汉武帝刘彻这辈子,见过的人多了去了。可那天在郎署,他还是愣了一下。
那老头儿头发全白了,官服洗得发白,袖口磨出了毛边。在一群年轻郎官里,像个走错地方的。
“你是何人?”汉武帝问,“何时为郎的?怎么这么大年纪了?”
老者行礼,动作倒是利索:“臣颜驷,江都人。文帝时就在这儿了。”
汉武帝算了算,文帝、景帝,再到自己……这得多少年了?郎官是后备官员,一般人干几年就外放升迁了,这人怎么一待就是一辈子?
“三朝老臣,”汉武帝皱起眉头,“就没人提拔你?”
颜驷笑了,笑容里有种说不出的味道:“文帝喜欢文采好的,臣却好武,爱骑马射箭,跟不上趟。景帝喜欢老成持重的,那时候臣还年轻,毛手毛脚的,不入眼。现在陛下您喜欢年轻有为的……”他顿了顿,摸了摸自己的白胡子,“臣又老了。”
几句话,把三代皇帝的用人喜好全说透了。
汉武帝不说话了。他看着眼前这个老头儿,忽然想起自己登基这些年,用过的年轻人确实多。卫青、霍去病,哪个不是少年得志?朝堂上确实少见这么大年纪的郎官。

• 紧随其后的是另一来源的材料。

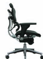
LE10ERGLO Black Leather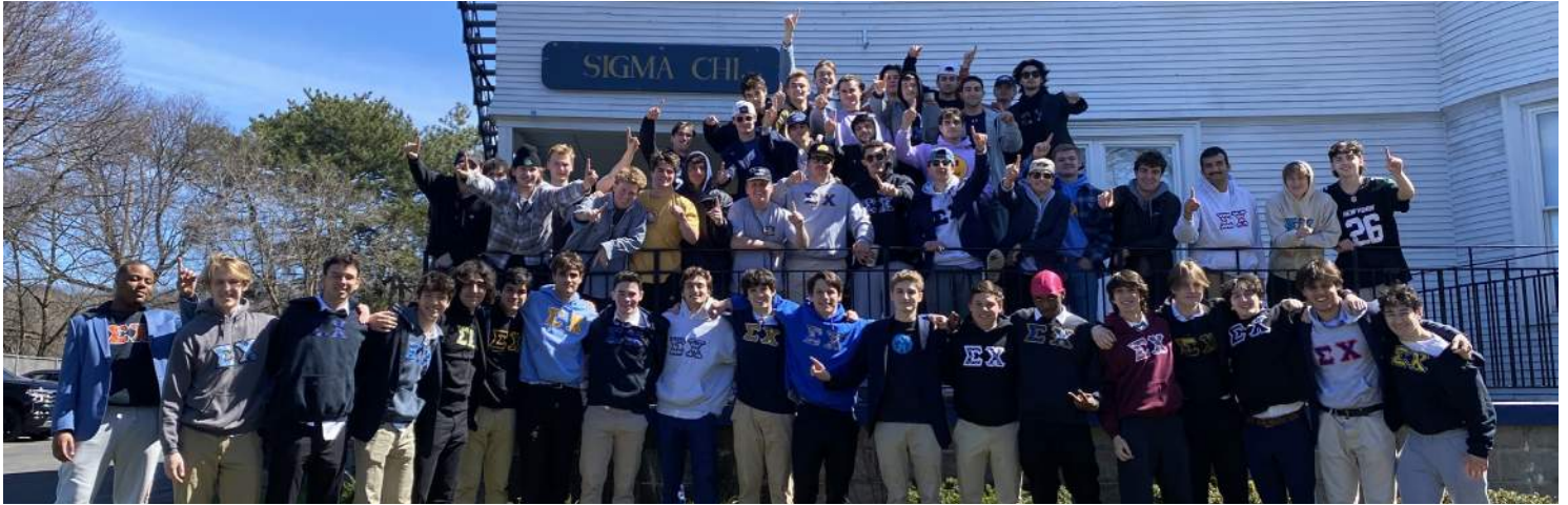
Psi Psi Undergraduates celebrating post initiation

We are having a party! Join us in celebrating the 120th anniversary of the Psi Psi Chapter and our successful return to prominence at Syracuse University. We are expecting a large turnout of alumni for Homecoming Weekend. This is the year and the party for you to return and celebrate! Put Saturday November 2, 2024, on your calendar.

“你就没想过换个路子?”汉武帝问,“文帝时学文,景帝时装稳重,总能赶上一次吧?”
颜驷摇摇头:“陛下,臣就是这块料。会就是会,不会就是不会。年轻时也想过改,可改不了啊。文帝时让写文章,憋三天憋不出几个字。景帝时要稳重,臣一见马就想骑,一喝酒就话多。”
他说得坦然,倒让汉武帝有些佩服了。
“那你恨不恨?”汉武帝问得直接,“恨三代皇帝都没用你?”
颜驷想了想:“说完全不怨是假的。有时候夜里睡不着,算算同龄人,有的当太守了,有的封侯了。可再一想,文帝喜欢文臣,景帝喜欢老臣,陛下喜欢少年人,这都是各位皇上的性子。臣没赶上,是命。”
这话说得,连汉武帝都听乐了。
“那你现在还会什么?”汉武帝问,“弓马功夫还在吗?”
颜驷眼睛一亮:“陛下若不信,臣可当场演示!”
那天下午,六十多岁的老头儿在演武场拉弓射箭,箭箭中靶。骑马跑了一圈,身板还挺得笔直。汉武帝看着,心里有点不是滋味。
这人要是在文帝时从军,在景帝时守边,到现在怎么也得是个将军了。结果在郎署待了一辈子,管管文书,传传话,大好年华就这么过去了。
“颜驷,”汉武帝开口,“你去会稽当都尉吧。”
郎署里的人都惊呆了。会稽是大郡,都尉是实权武职,这老头儿一步登天了。
颜驷愣在那儿,好半天才跪下谢恩,声音有点抖。
后来有人问汉武帝,怎么突然提拔这么个老头子。汉武帝说:“这人实诚。三代不得志,不怨天不尤人,还能把弓马功夫练到老。朝廷欠他一个机会。”
颜驷去会稽上任时,头发已经全白了。有人笑他,黄土埋到脖子了才当上都尉,有什么意思。
可颜驷不在乎。他骑着马走在赴任的路上,看着远处的山,忽然觉得这辈子也不算白活。虽然最好的时候过去了,可到底还是等到了。
只是有时候夜里,他也会想:要是年轻二十岁该多好。现在有了位置,可拉弓的手会抖了,骑马久了腰会疼了。
人生就是这么回事——你想要的时候没有,等有了,又已经不是最好的时候了。